A new study’s findings on the Jewish demographic(s) in New York City is challenging some long-held assumptions/notions regarding… Jews in New York.
“The study… challenges the entrenched image of Jews as liberal, affluent and well educated. Over the last decade wealthy, Ivy League graduates like those on the Upper West Side have increasingly lost population share relative to Orthodox groups, like the Hasidic population in Brooklyn, where college degrees are rare and poverty rates have reached 43 percent.” (NYTimes)
Some fun frum and not-so-frum facts:
- After a decline, it seems Jews are on the upswing, and (not shockingly) the numbers hike is attributed to the Orthodox/Ultra-Orthodox populations.
- New York area’s Jewish population is (still) the largest outside of Israel. One-third of the entire American Jewish population is located in that area.
- The numbers: 40% of NYC Jews identify as Orthodox, up from 33% a decade ago. 74% of NYC Jewish children are Orthodox.
- The less observant are becoming even more less observant. The Conservative and Reform counts are in decline.
- Unsurprisingly, the Orthodox communities tend to lean to the right on political issues like abortion, same-sex marriage, and how Israel handles Palestinians.

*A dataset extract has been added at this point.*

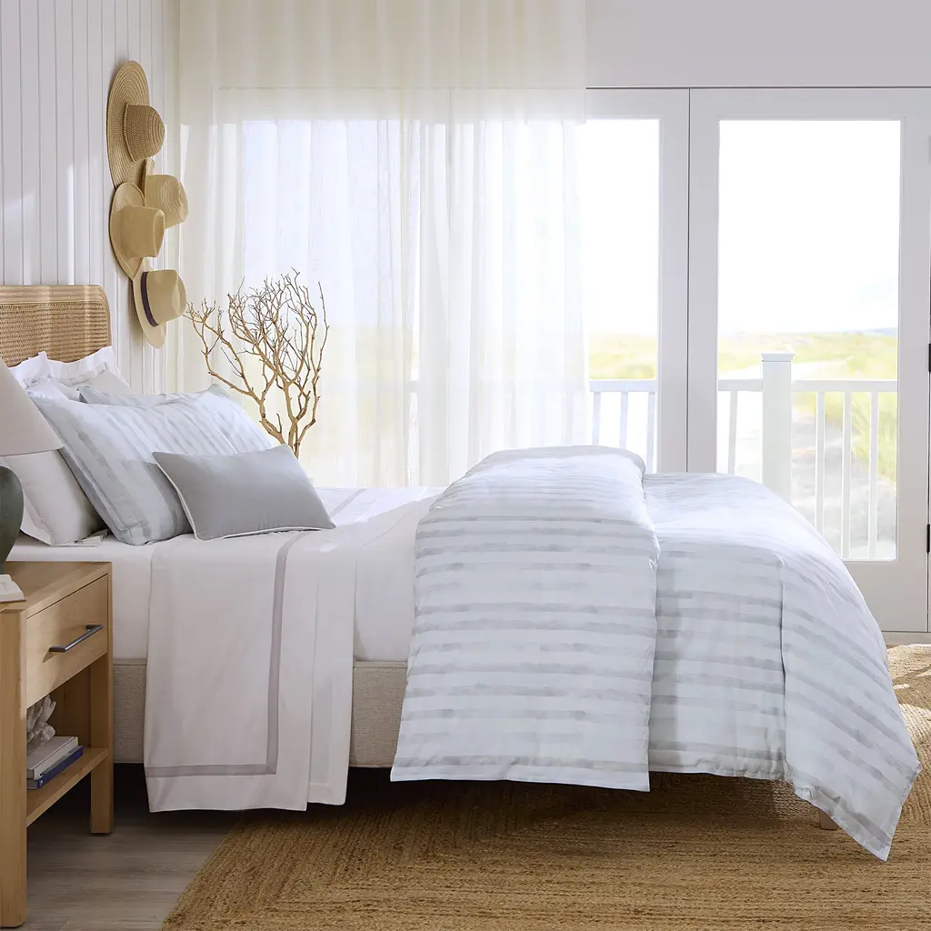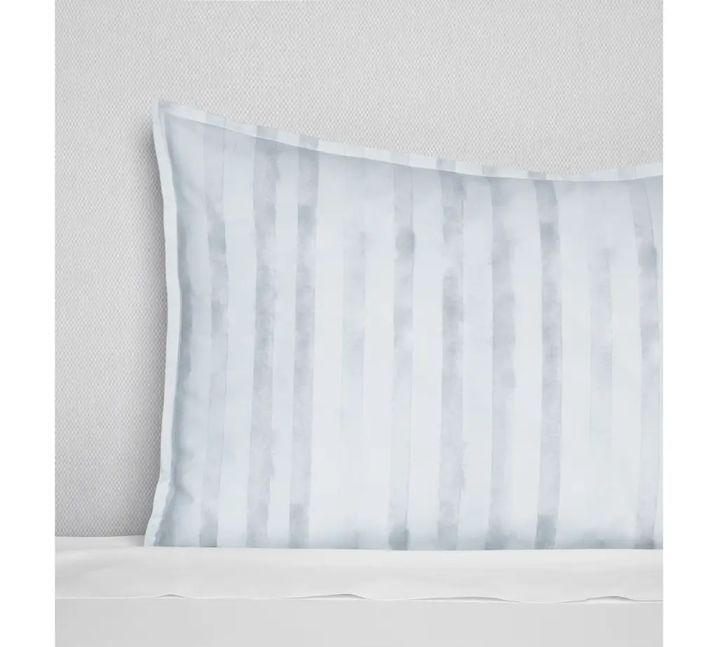 An all-over faded watercolor stripe adorns Kricia's Italian woven long-staple cotton percale evoking the soft sundrenched allure of cabana fabrics. In a lunar palette of blue-gray each subtle line flows with a painterly grace while mini flanges add a refined edge to this serene dreamlike bedding.

- 316,000 Jews on Long Island and 136,000 in Westchester. Combining the eight counties makes for 1.54 million Jews, up 10% from 10 years ago.

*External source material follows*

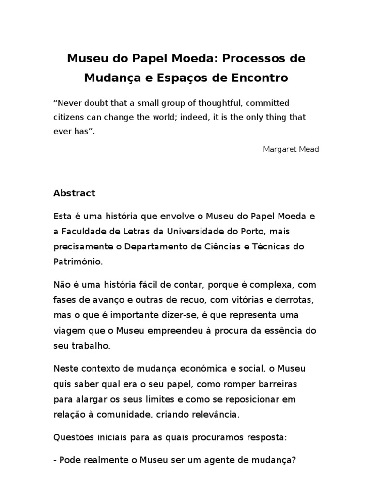 Abstract Esta uma histria que envolve o Museu do Papel Moeda e a Faculdade de Letras da Universidade do Porto, mais precisamente o Departamento de Cincias e Tcnicas do Patrimnio. No uma histria fcil de contar, porque complexa, com fases de avano e outras de recuo, com vitrias e derrotas, mas o que importante dizer-se, que representa uma viagem que o Museu empreendeu procura da essncia do seu trabalho. Neste contexto de mudana econmica e social, o Museu quis saber qual era o seu papel, como romper barreiras para alargar os seus limites e como se reposicionar em relao comunidade, criando relevncia. Questes iniciais para as quais procuramos resposta: - Pode realmente o Museu ser um agente de mudana?
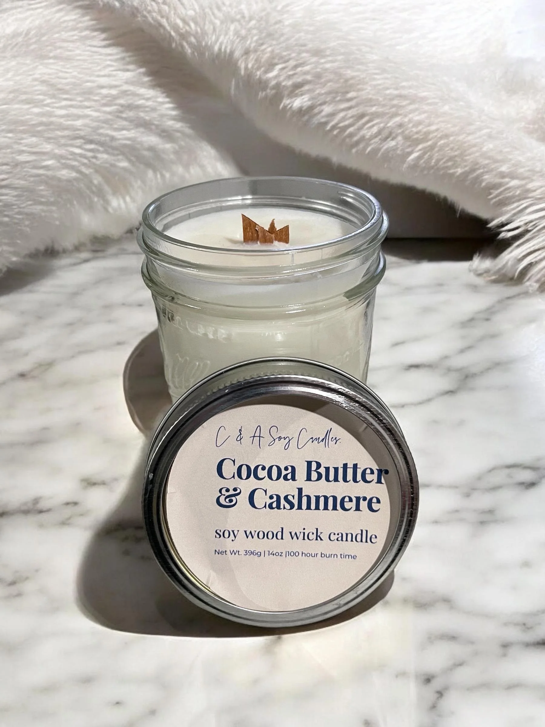 The Cocoa Butter Cashmere candle is a relaxing mix of sweet cocoa butter and coconut. Elegant under notes of cedarwood, jasmine, and rich vanilla complete this unique, lovely blend. Perfect for any occasion. The wooden wick also crackles or whispers which adds to a cozy ambiance.

- Less affiliated Jewish children are less likely to be attending any sort of Jewish structure, while at the same time, overall, more local Jewish kids are going to Hebrew day schools or yeshivas. About 50% of Jews ages 18 to 34 in the area had gone to those types of schools, whereas it was only 16% of their parents/ages 55 to 69.
- Intermarriage is hanging tight at 22%, but has increased specifically in the less affiliated.
- 12% of Jewish households include a non-white person, often from adoption or intermarriage.
Nothing about this is shocking. It makes me a bit worried though. I didn’t ‘flee’ New York per say, but I’ve had trouble understanding how modern Orthodoxy can sustain itself in this type of environment. As people get pulled to the left and right, to the unaffiliated to the fundamentally affiliated, what’s left for those of us who want to practice traditional Jewish lives?